A Perjurer's Tale

Welcome to the website
for A Perjurer's Tale

Here you will find a brief summary of the book, an excerpt, and some commentary in the form of answers to questions readers might have.

I would very much like to hear your comments about A Perjurer's Tale. You can send them to me, via email, at ralphmemolo@comcast.net.

A Perjurer's Tale is available for purchase at http://www.amazon.com.

Readers of A Perjurer's Tale may also be interested in reading my short stories, which are available on www.ralphmemolo.com.

Summary

A Perjurer's Tale is a novel in the form of a memoir. The memoirist is Nathaniel Rowley, a former political reporter and columnist. But Rowley has no interest in producing a memoir in the conventional sense. No, Rowley wants only to recount his association with a young, ambitious politician, Francis Philbrick Donlan.

There is a reason behind Rowley's decision to focus his memoir on Donlan. After Rowley's newspaper closed, he decided to write a tell-all memoir that would reveal information damaging to politicians he once covered. Rowley, however, is an accommodating sort—that is, he gives each of these political figures a chance to "buy" their way out of his memoir. Nine of the people Rowley approaches meet his asking price. One, Donlan, spurns his offer.
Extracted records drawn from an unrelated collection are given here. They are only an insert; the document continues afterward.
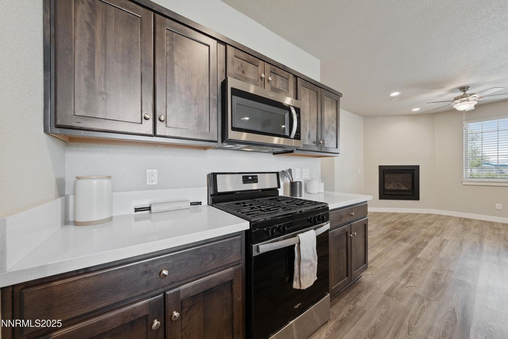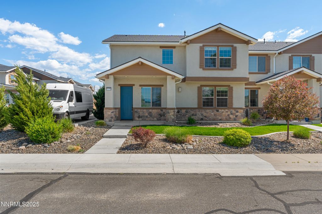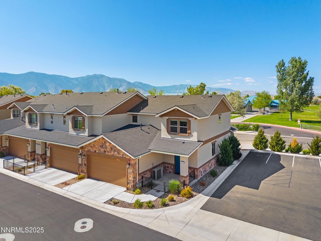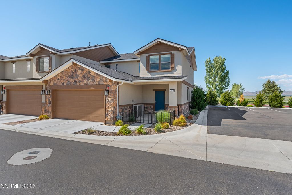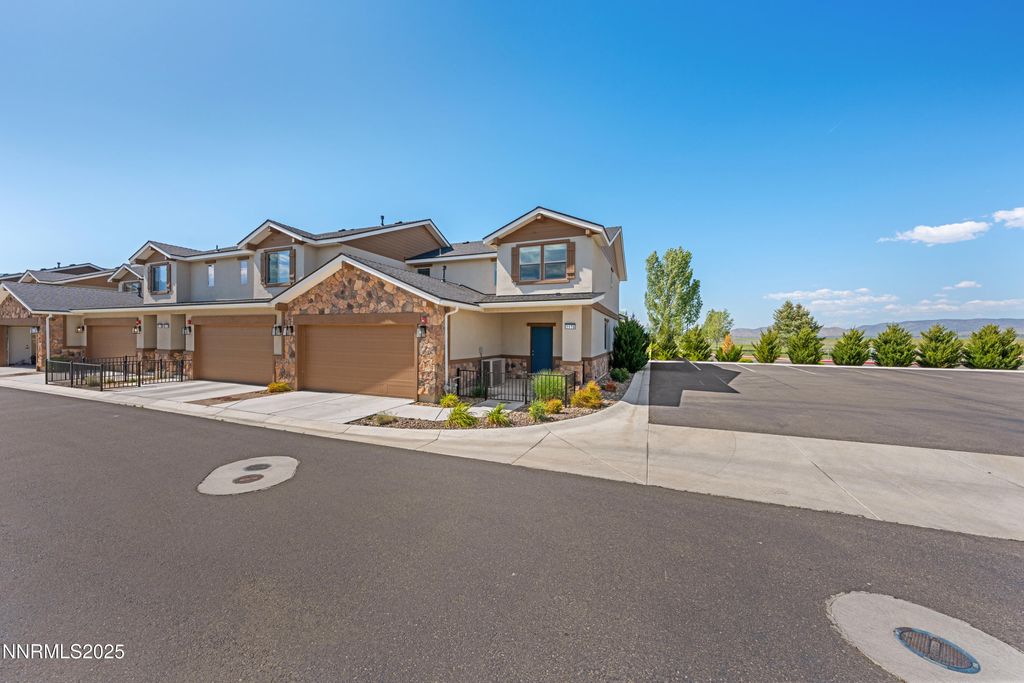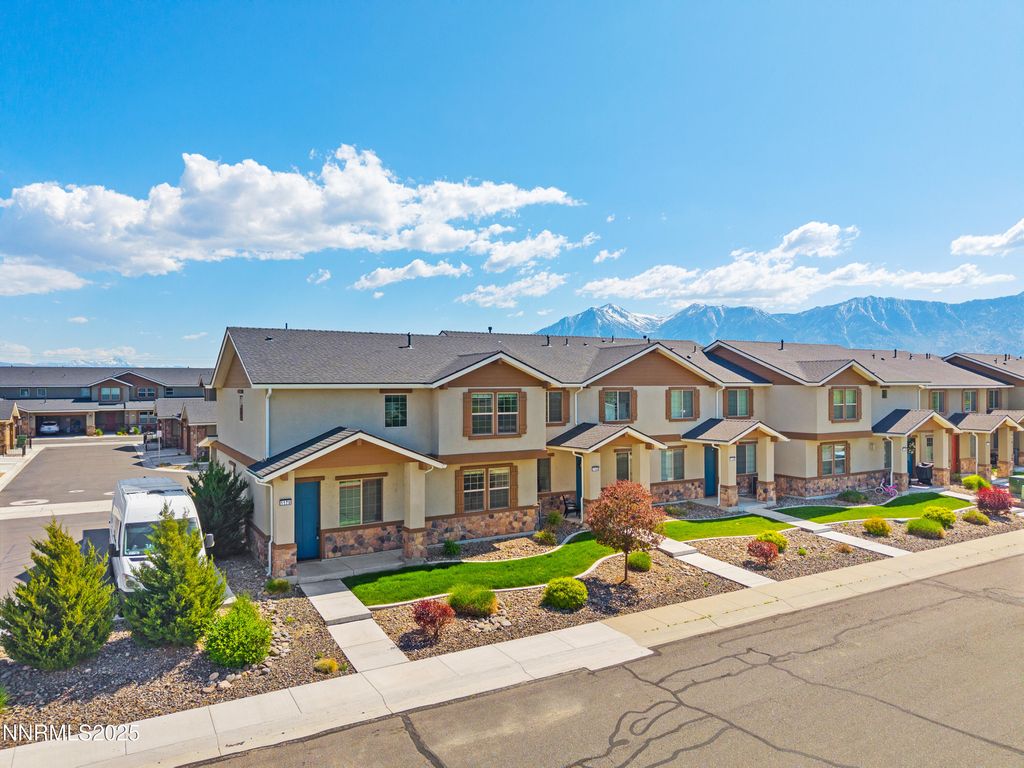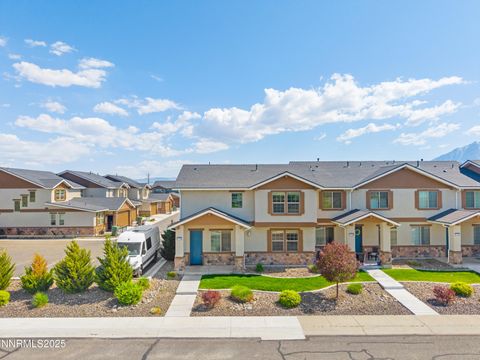 Welcome to this beautiful corner townhome in the sought-after Townhomes at Monterra community, nestled in the charming town of Minden, NV. Built in 2020, this modern home effortlessly combines comfort and style. Step inside to find elegant luxury vinyl plank flooring throughout the main living areas, with plush new carpeting in the bedrooms for added warmth and comfort. Fresh touch-up paint throughout gives the home a clean, well-maintained feel. The kitchen is truly a chef's dream, featuring a gas range stove, built-in microwave, and a spacious island that doubles as a dining table - perfect for meal prep and casual dining. Ample cabinetry and a generous pantry provide plenty of storage for all your culinary essentials. Relax in the living room by the inviting gas log fireplace, ideal for cozy evenings or entertaining guests. The primary bedroom is conveniently located on the main floor and includes a ceiling fan and a private en-suite bathroom that offers a spa-like retreat every day. Upstairs, a versatile loft awaits, perfect for a family room, home office, or game area. You'll also find three spacious bedrooms and a full bathroom, offering plenty of room for family and guests. Additional guest parking is conveniently located nearby, making hosting easy and hassle-free. This lovely townhome sits just across the street from Minden Elementary School and is only a short distance from downtown Minden, putting shopping, dining, and community amenities within easy reach. Experience the perfect blend of modern living and small-town charm in this exceptional home!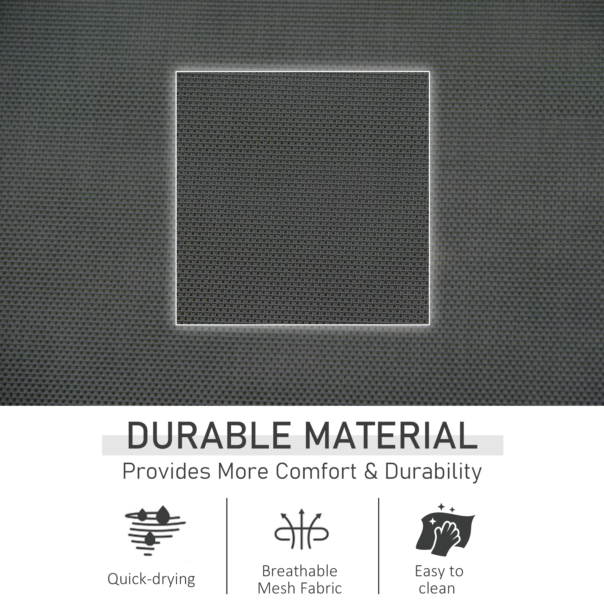 This outdoor rocking chair from Outsunny is a great way to relax outdoors. The curved frame has been made with your body comfort in mind, hugging to the contour of its shape. The seat is wrapped in mesh fabric which holds yours body in place, with a removable top pillow for head and neck comfort. Our patio rocking chair is finished with a removable side pocket, keeping everything you need next to you and rubber pads on the metal frame for protection.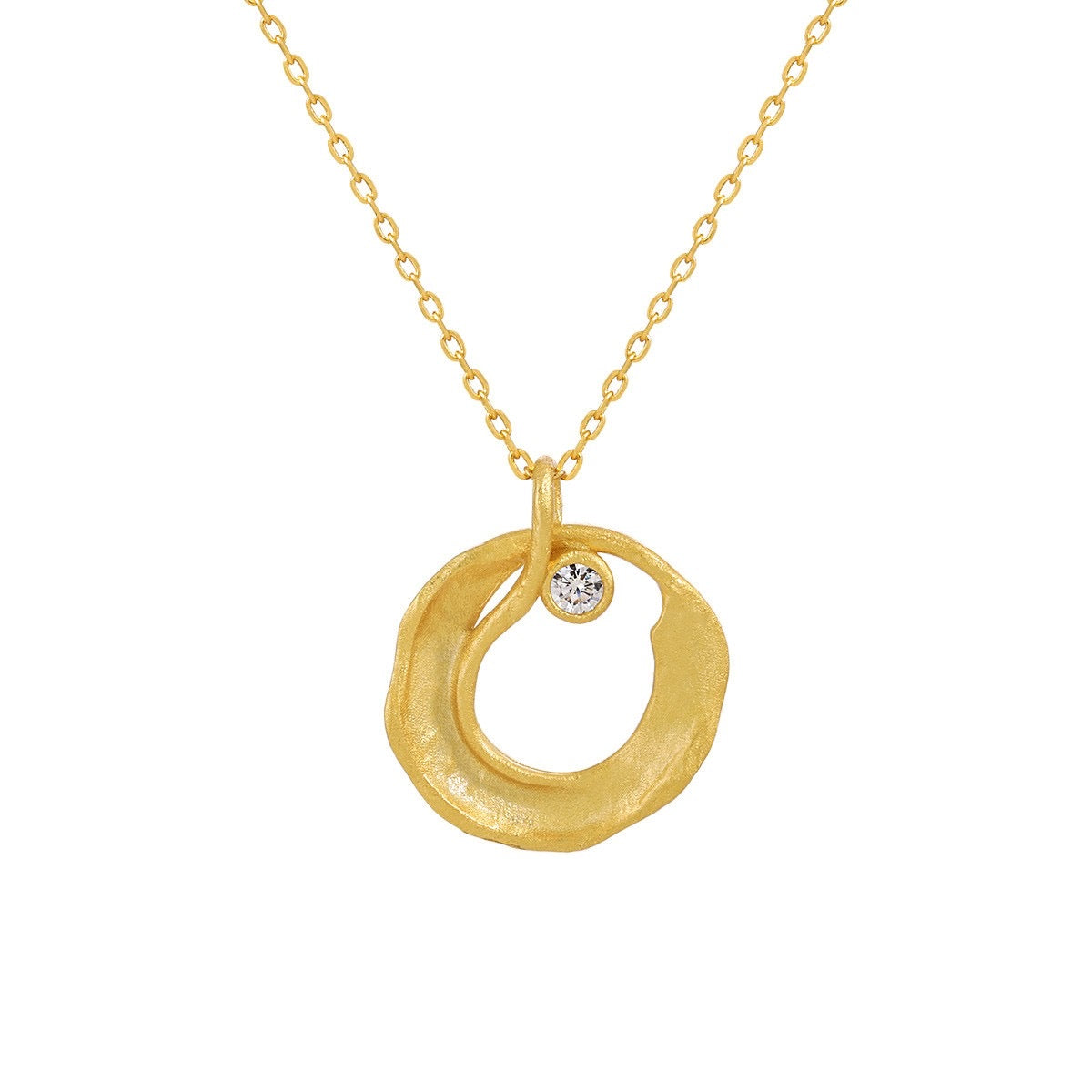 Made with 925 sterling silver and strong gold plating, this necklace features an airbrushed raw metal design and a CZ stud for added sparkle. Plus, it's adjustable for the perfect fit.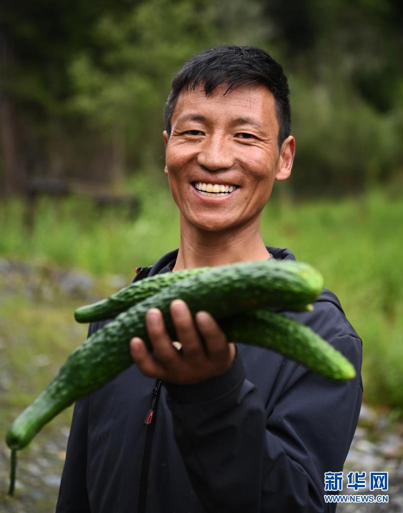 西藏山南市隆子縣玉麥鄉(xiāng)村民展示大棚里采摘的黃瓜,這些黃瓜將通過(guò)合作社銷往各地(2020年7月30日攝)。新華社記者 普布扎西 攝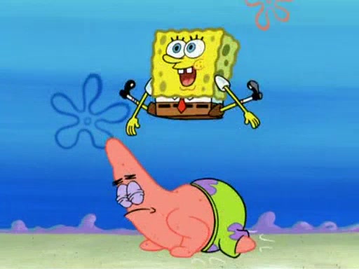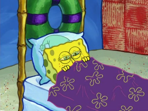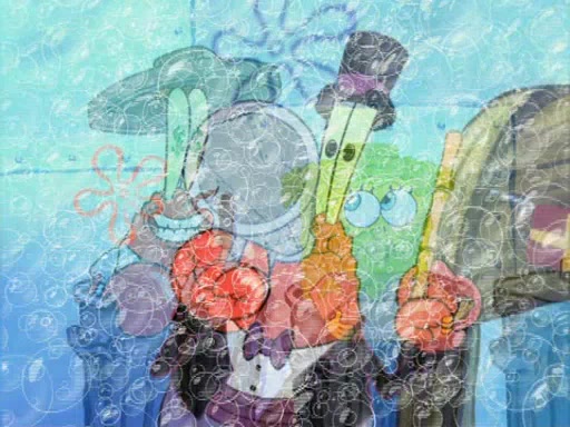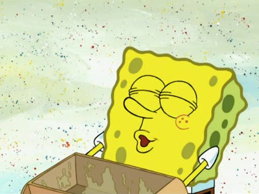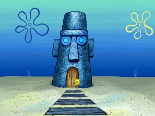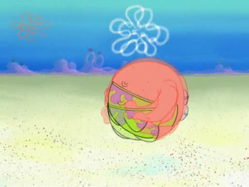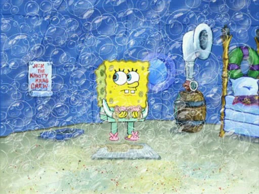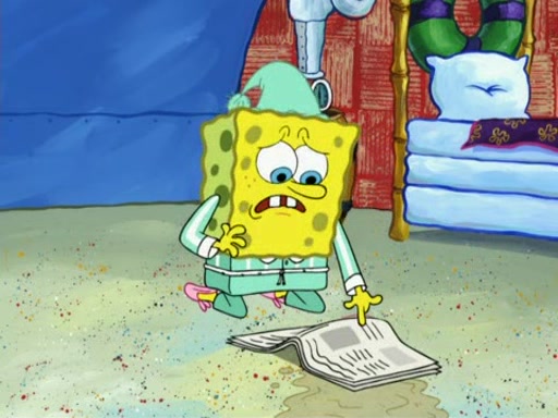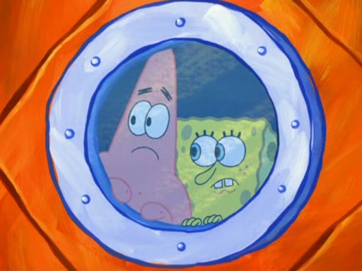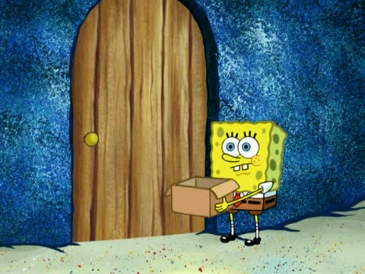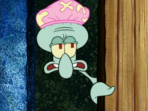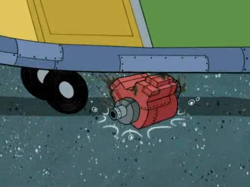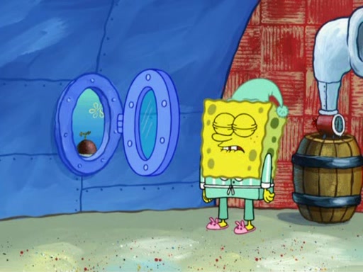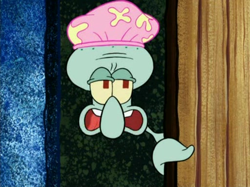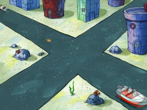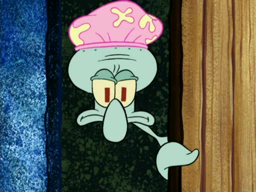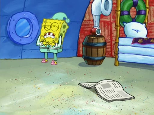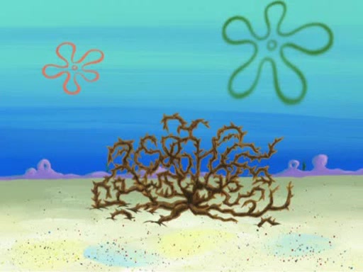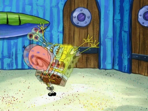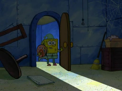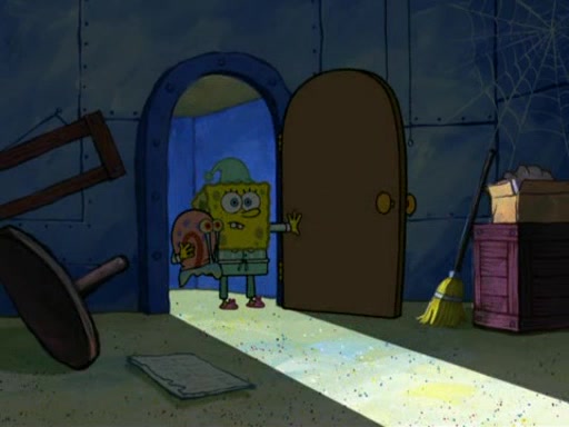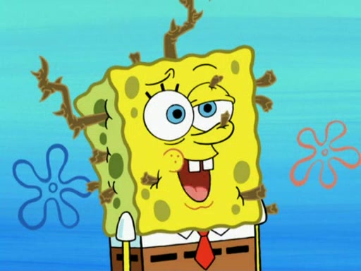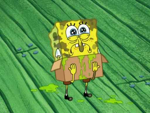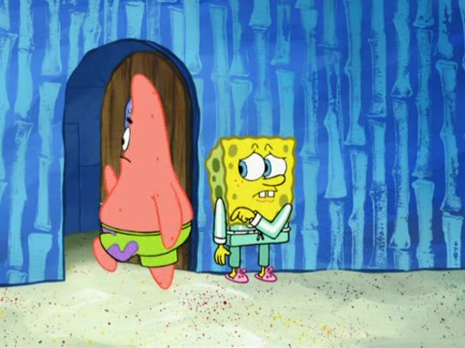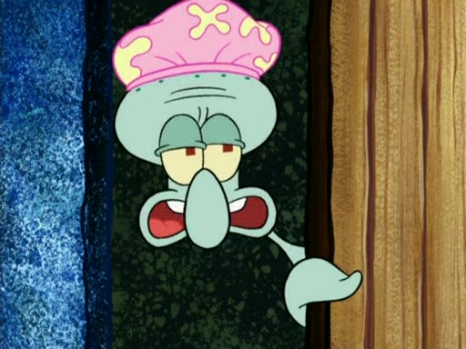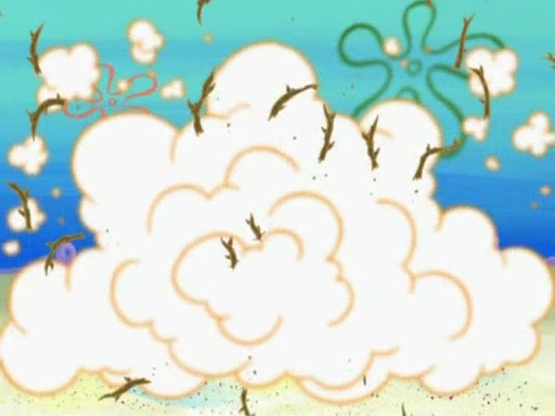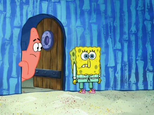 He first takes the worms to Squidward's house, in which Squidward is disgusted by them for vomiting a type of acid at his face. He then takes it to Mrs. Puff, in which she is shocked by them and puffs, damaging her house. SpongeBob then proceeds to go to a grocery store, stumbling upon Larry the Lobster. He decides to take them, but only to eat them alive due to raw protein, in which SpongeBob knocks them out of Larry's hand. The worms land in the middle of the road right in front of a moving truck, in which SpongeBob reacts. He goes inside the truck to pull out the connections to the engine, and unscrews and gets rid of the engine, forcing the truck to halt.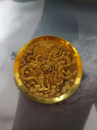 Placa decorativa de bronce antiguo con un diseño de doble dragón en dorado. Diámetro: 98 mm Material: Está hecho de cobre y tiene un acabado chapado en oro para dar un efecto dorado. Diseño: Presenta dragones en relieve detallados y, en el centro, el carácter chino "福" (fú), que significa "bendición" o "buena fortuna". Simbolismo: En la cultura china, los dragones son símbolos de gran poder, fuerza y buena suerte, a menudo asociados con el emperador. El color dorado simboliza la riqueza y el éxito. Cuando se emparejan (doble dragón), a menudo representan la felicidad matrimonial y la armonía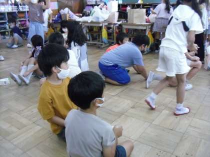 生活科では、いろいろなガラクタを集めて、ガラクタを回したり、転がしたり、積み重ねたり、色々な遊びを試しています。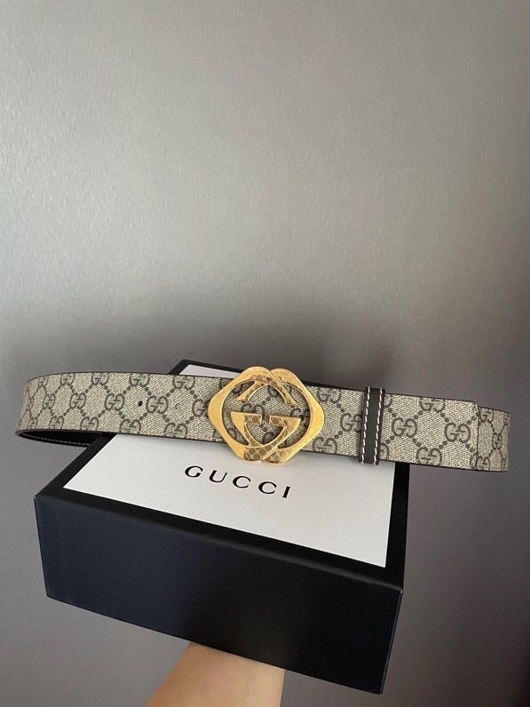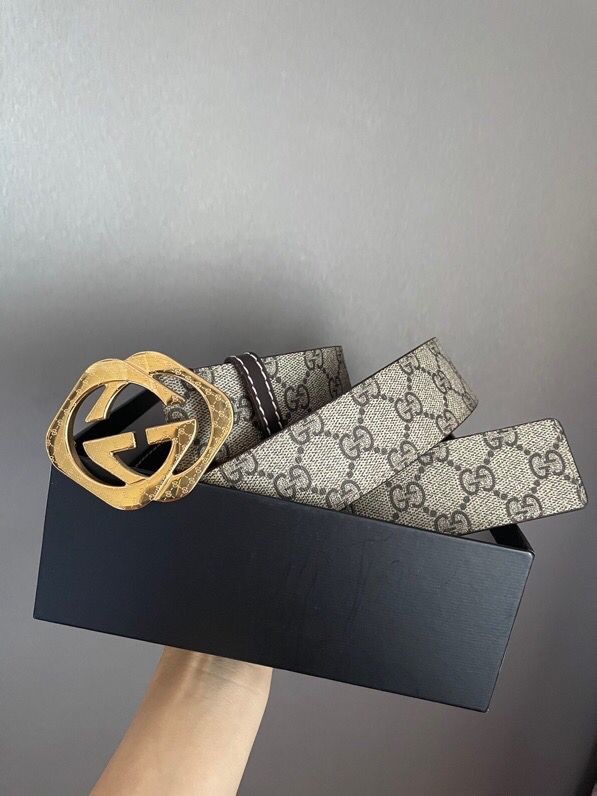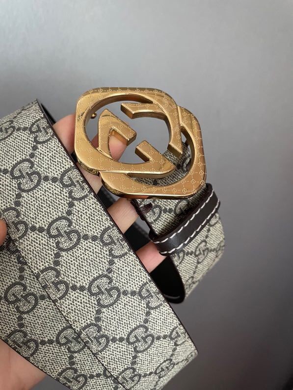 Gucci Men s PVC GG stainless steel diamond carving pattern metal buckle 38mm belt

Blackmail brings Rowley and Donlan together (or actually, reunites them), but it all becomes more complicated when they are forced, by circumstances beyond their control, to work in concert on schemes that are essential both to Rowley's survival and Donlan's political ascent. By the time Rowley has finished telling his story, readers are given a vivid account of the skulduggery and everyday wheeling and dealing (not to mention various criminal conspiracies) that are so much a part of the political culture of a city where, as Rowley observes, "being ornery for the sake of being ornery was viewed as a virtue and settling a feud with a well-set booby trap was considered an art form."